Load only for the current session (development)

If you're hacking on this repo and don't want to install it permanently:

cd /any/project
claude --plugin-dir /path/to/claude-code-profiler

Scoped to that one session; nothing is added to your global plugin list.


Fallback: run the Python script directly

If you don't want to use the plugin mechanism — CI environments, machines without Claude Code installed, or you just want to sanity-check the numbers — scripts/cc_profiler.py is a single-file, stdlib-only Python 3.10+ script:

git clone https://github.com/ventusff/claude-code-profiler.git
cd claude-code-profiler

python3 scripts/cc_profiler.py start bench-run --tag run=1 --note "robocasa eval"
# … do work in the same Claude Code session on the same machine …
python3 scripts/cc_profiler.py stop --format table

Caveat: the script auto-discovers the active session's transcript path from the environment, so start and stop must run on the same machine, from the same Claude Code session's cwd (or with an explicit --session …). You lose the /profile slash-command ergonomics but every metric is identical.


Subcommands

Command Behavior
start [name] [--tag k=v]... [--note "..."] Begin a profile. Captures session_id, transcript path, cwd, git sha + dirty status, CLAUDE_*/ANTHROPIC_*/OTEL_* env snapshot, and the current model. Refuses if a profile is already active in this session.
status Show how long the active profile has been running and how many turns it has accumulated.
mark <label> Append a timestamped label to the active profile ("docker pull starts here", "benchmark begins"). Marks are emitted in the final report.
stop [--format=table|markdown|json] [--export DIR] Scan the transcript over [start_ts, now], compute metrics, render the report, persist artifacts, and clear the active pointer.
retro [--since WHEN] [--until WHEN] [--name NAME] [--format=...] [--export DIR] Scan the transcript over an arbitrary [--since, --until] window with no prior start. Same report and artifacts as stop. state.json is tagged mode: "retroactive". Does not touch the active-profile pointer.
reset Discard the active profile without producing a report.

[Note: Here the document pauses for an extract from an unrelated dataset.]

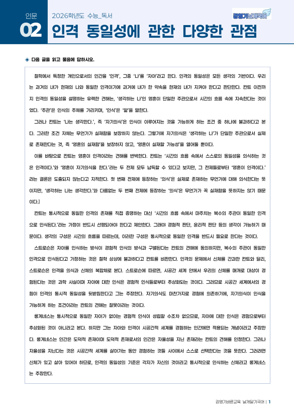 수능기출_내신_인격의 동일성에 관한 다양한 관점_2026_수능특강 독서 인문예술11 인격 동일성에 관한 논의

One active profile per Claude Code session. The active-profile pointer is keyed by session — concurrent Claude Code sessions on the same host each get their own and don't interfere (regression-tested in tests/test_concurrent_sessions.py). Within one session, start → stop → start → stop … is fine; two simultaneous profiles in the same session are not. (retro is exempt — it never claims the active pointer, so it's safe to invoke during an in-progress start.)

retro --since / --until time specs

WHEN is one of:

  • now — the current wall clock (default for --until).
  • first — the first timestamped row in the parent transcript (default for --since).
  • last-prompt — the most recent real user prompt (skipping tool-result rows and sidechain user turns). Useful for "profile what just happened in response to my last message".
  • An ISO-8601 timestamp like 2026-05-04T11:26:45Z or a bare epoch number.
  • A relative duration ago: 30m, 1h30m, 2d12h, 45s. Compound forms allowed; whitespace optional.

If --since >= --until, retro exits with code 2.


How it works

Where Claude Code stores a session

Claude Code persists every session as JSONL under ~/.claude/projects/<slug>/:

<slug>/
├── <session_id>.jsonl              # parent thread (isSidechain: false)
└── <session_id>/
    └── subagents/
        ├── agent-<aid>.jsonl       # one file per Task-tool dispatch
        ├── agent-<aid>.meta.json   #   carries `agentType`, `description`
        └── …

Subagents are never inlined into the parent file — they live in their own JSONL with isSidechain: true rows. A parent-only scan (the obvious thing to write, and what most homemade analyzers do) silently skips the entire subagent body. On a real session of ours, the parent file alone reported $5.93; parent + 3 subagent files together cost $14.27, a 2.4× undercount. See notes/subagent-coverage.md.

/profile stop walks the parent and every sibling subagent file, sorts the union by timestamp, and aggregates the rows into the metrics below.

What gets aggregated

  • Tokens & cost — each assistant row's usage block, priced against that turn's actual message.model. Mixed-model runs (Opus + Sonnet, or main + Haiku-using subagents) are billed per turn, not averaged. Per-source / per-model / per-agentType splits sum to the total exactly.
  • API time — gap from the previous user / tool_result / compaction row to the next assistant row. Partitioned into main and subagent buckets by source file, plus a per-message.model slice.
  • Tool time — wall-clock from a parent assistant message to the last tool_result of its batch ("bundle wall"). Classified by tool name; Bash commands are regex-classified into docker_pull / docker_build / dataset_dl / checkpoint_dl / benchmark_run / test / infra / download / bash. Same (main, subagent) split as API time.
  • Cachecache_creation_input_tokens reported in total and split into 5m vs 1h TTL from usage.cache_creation, plus a cache_hit_ratio = cache_read / (input + cache_creation + cache_read) so you can see at a glance whether prompt caching is paying for itself.
  • Other countersthinking blocks (extended-thinking output), Anthropic-side web_search / web_fetch from usage.server_tool_use, stop_reason distribution, retries (duplicate requestId), API errors (stop_reason ∈ {error, refusal}), compactions (type: summary / subtype: compact*), and edit-line deltas inferred from Edit / Write / MultiEdit input.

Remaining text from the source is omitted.